In 2003, Bui joined the French National Centre for Scientific Research as the Head of the Simulation Department. He was the Head of the Prims Laboratory between 2013 and 2015. At UVSQ, he was the international relationship director from 2012 to 2016, then Vice-President from 2016 to 2017.

He is the author of more than 60 scientific publications.

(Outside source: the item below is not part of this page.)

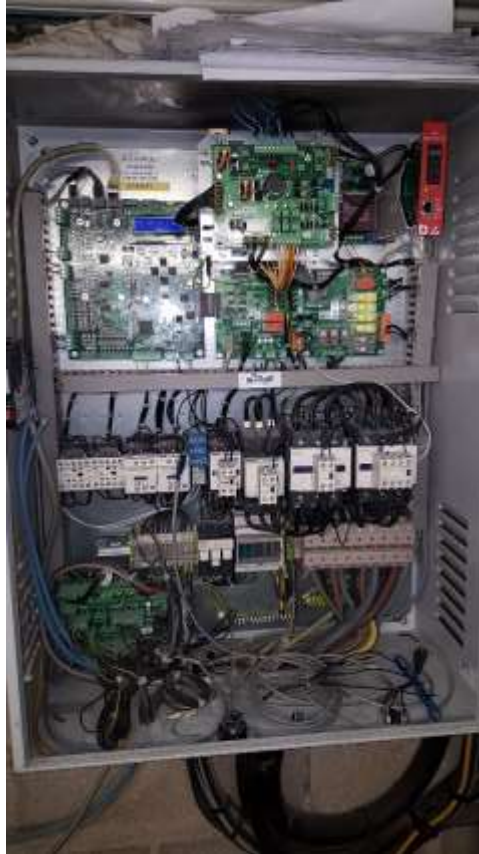
Armoire de manœuvre Ascenseurs.

=== Political activities ===
He is member of the Haut Conseil de l'évaluation de la recherche et de l'enseignement supérieur and of the Agence nationale de la recherche. From 2011 to 2016, he was also the member of the Conseil national des universités.

=== President of the Versailles Saint-Quentin-en-Yvelines University ===
In October 2017, he became president of Versailles Saint-Quentin-en-Yvelines University, succeeding Didier Guillemot.